RSS-Bridge / rss-bridge

The RSS feed for websites missing it
https://rss-bridge.org/bridge01/
The Unlicense
7.23k stars 1.03k forks source link

[XPathBridge] Have a way to use the image URL inside content rather than as attachment #2843

Open imagoiq opened 2 years ago

imagoiq commented 2 years ago

Hi,

I wonder if it could be possible to have parameter allow using the image URL as an HTML tag inside the content rather than having it as an attachment. For some feeds, this will be much appreciated. I'm uncertain if it's a design decision (regarding security, for example) or just not thought. Also, if there is a way to do it with a (complicated) xpath function, I don't mind.

Thanks in advance

cc maintainer @Niehztog

Niehztog commented 2 years ago

Hello @imagoiq as far as I understand what you intend to do, it should be sufficient and feasible to implement that functionality right inside your specific bridge rather than in the abstract XPathAbstract parent class. Let's see if we can manage to accomplish that together: In your bridge class, please override the parent method getItems for example like this:

public function getItems() {
    foreach($this->items as $item) {
        //modify each item's content here, ex.:
        $content = $item->getContent();
        $enclosures = $item->getEnclosures();
        $content .= $enclosures[0];
        $item->setContent($content);
    }
    return $this->items;
}

Something like this should do (I did not test that). Please try it out and let me know if that helps. Based on your experiences, we might be able to implement a new helper function for that in XPathAbstract later. Maybe you have good ideas how to meaningfully implement that?

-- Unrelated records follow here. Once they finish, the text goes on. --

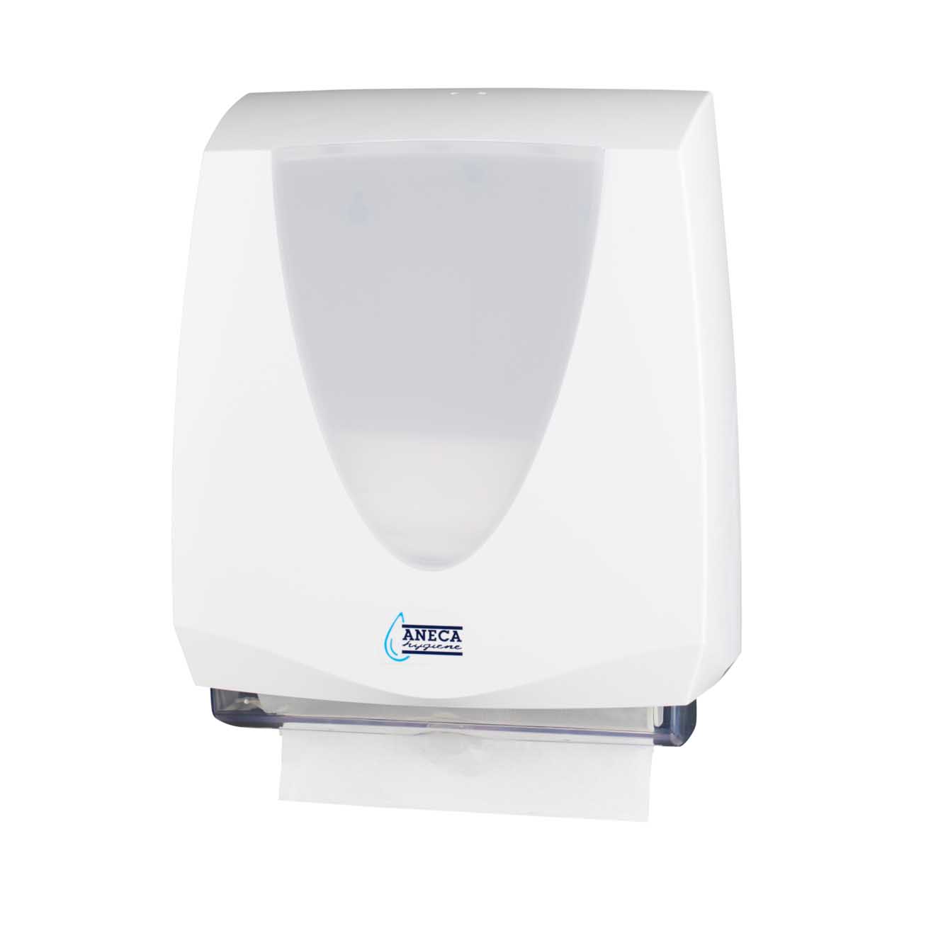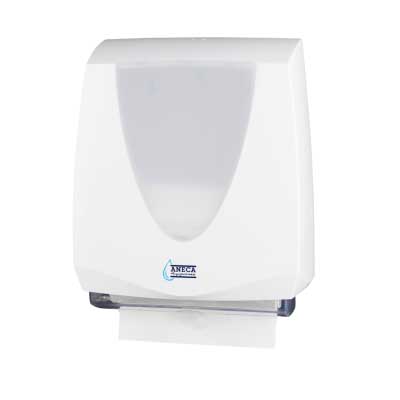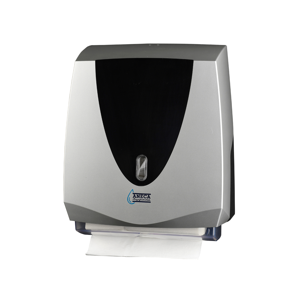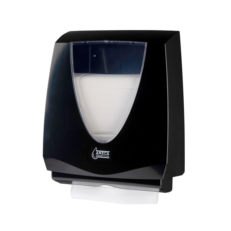 L’Aneca Prima est un distributeur robuste et élégant, conçu pour un usage fréquent. La fenêtre d’inspection permet de vérifier à tout moment le stock d’essuie-mains. L’appareil peut contenir 3 paquets de 160 essuie-mains au maximum. Chaque essuie-mains consiste en une feuille de papier double épaisseur pliée en quatre, d’une dimension de 23 x 31 cm.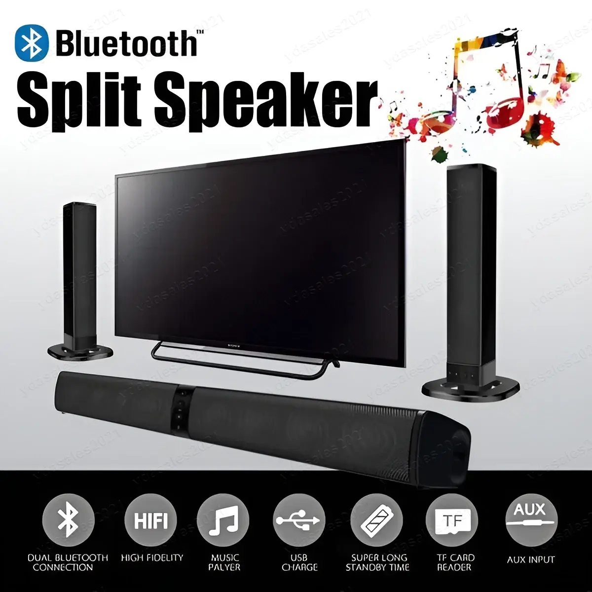 Stereo Bar Speaker for Smart TVs, 2-in-1 Wireless Subwoofer Speakers, Home Theater Systems, Bass Enhancement, Wireless Connectivity, TF, AUX, FM, RCA, TWS, Built In 2000mAh Rechargeable Battery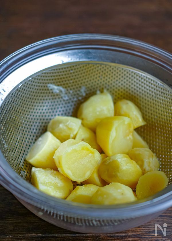 (2) じゃがいも(メイクイーン)は皮を剥き、大き目のひと口大に切り、耐熱ボウルに入れ、水大さじ1(分量外)をまぶしてラップをかけて電子レンジ600wで10分(2人分の場合は6分)加熱しザルに上げて水気を切る。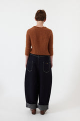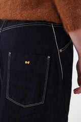 Denim jeans with a difference by Minä Perhonen. These are a wide leg take on the classic curve jeans. With a slightly rounded silhouette, these jeans are so comfortable and flattering. The jeans have a fly button front with the signature butterfly image stamped on the buttons, you can wear them rolled to show the Japanese selvedge. The inner lining has a mermaid scale pattern embroidered onto the fabric which adds a special touch and really makes this pair of jeans one of your forever pieces. Crafted of a blend of cotton and linen denim, this wide leg jean with classic 5-pocket styling sits on the natural waist. Features a dropped seam for a slouchy, baggier fit.
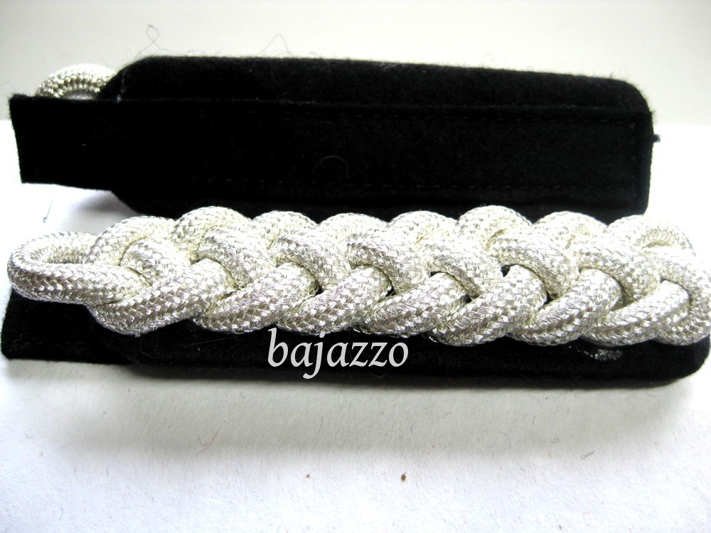 Uniformzubehör wie Epauletten, Feldbinde und Fangschnüre zeichnen einen echten Offizier aus. Aber auch Schulterstücke oder Schultergeflechte sind in unserem Sortiment. Zu jeder Uniform gehört das passende Geflecht als Auszeichnung.Entweder ein breites Majorsgeflecht in silber und Gold. Oder ein geflochtenes Schulterstück .Auch schmale Geflechte und geflochene Schulterstücke in silber und gold sind Auszeichnungen für die Uniformbesitzer. Zweistreifige Schulterstücke 2-streifig rot silber oder blau gold bezeichnen Ränge . 4-streifige Schulterstücke sind für einen anderen Rang.Feldbinden werden sehr aufwändig hergestellt. Alle diese Uniformteile und Uniformzubehörteile sind wichtig. Fangschnüre oder Königsschnure groß und klein sind eine weiteres Uniformzubehör. Geflochtenes kleines Schulterstück schwarz-silber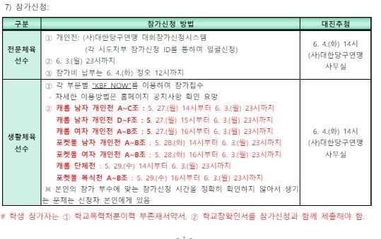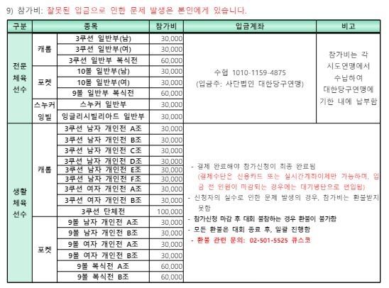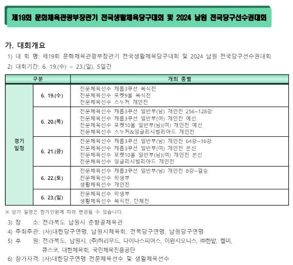 1. 대회명: 제19회 문체부장관기 전국생활체육당구대회 및 2024 남원 전국당구선수권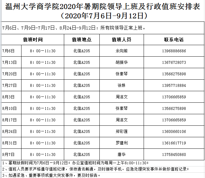 银河赌场-澳门银河赌场官网 2019-2020学年暑期值班安排表(2020年7月6日-9月12日)

[Edit] I see that you were talking about XPathBridge rather than implementing your own bridge. In order for my above instructions to work, you should put your XPath expressions in your own bridge implementation as described here.

Niehztog commented 2 years ago

@imagoiq There is another way to do it using more complicated xpath expressions using the concat instruction. For example in your xpath expression you could use:

concat(.//div[@class="body-text"]/text(), " ", .//img[1]/@src)

This way you can concatenate two nodes to one item and use that for example as the content xpath expression.

imagoiq commented 2 years ago

Hi @Niehztog,

Thanks for your proposition and taking time to answer.

For the context of this issue, I can add that I was a bit surprised when I used the first time the bridge that the expression under "Item image selector" will add my image as an attachment. If you compare with services, like Politepol for example, the image most of the time get directly into the content, so it's rather confusing from a user standpoint (this could be fixed by changing the label name, but anyway this is not my main concern).

From your answers, I'm uncertain whether you saw my PR proposal or not: https://github.com/RSS-Bridge/rss-bridge/pull/2847. The last idea is to have a post-processing function in the abstract that you can call and then easily manipulate the fields.

After some thinking, I think the idea to rather use a xpath expression for that is probably too verbose and difficult. If I'm using your expression (e.g. with the example mention here: https://github.com/RSS-Bridge/rss-bridge/issues/2842). I would need to add as well an HTML img tag to render the picture inside the content and as well the root path of the URL as the image use a relative URL. So much work to do and not access to any of the function to clean the URL either.

Niehztog commented 2 years ago

@imagoiq I agree with your argumentation and I like your idea to have a post-processing function in the abstract that you can call to manipulate the fields. My proposed way to overwrite the getItems() method provides a similar, but less obvious solution, which would not require and code changes to XPathAbstract. So basically I think it's optional. I was not aware of your PR https://github.com/RSS-Bridge/rss-bridge/pull/2847, but I support it. Let's hope the maintainers will consider it (I do not have the access rights to accept PR's).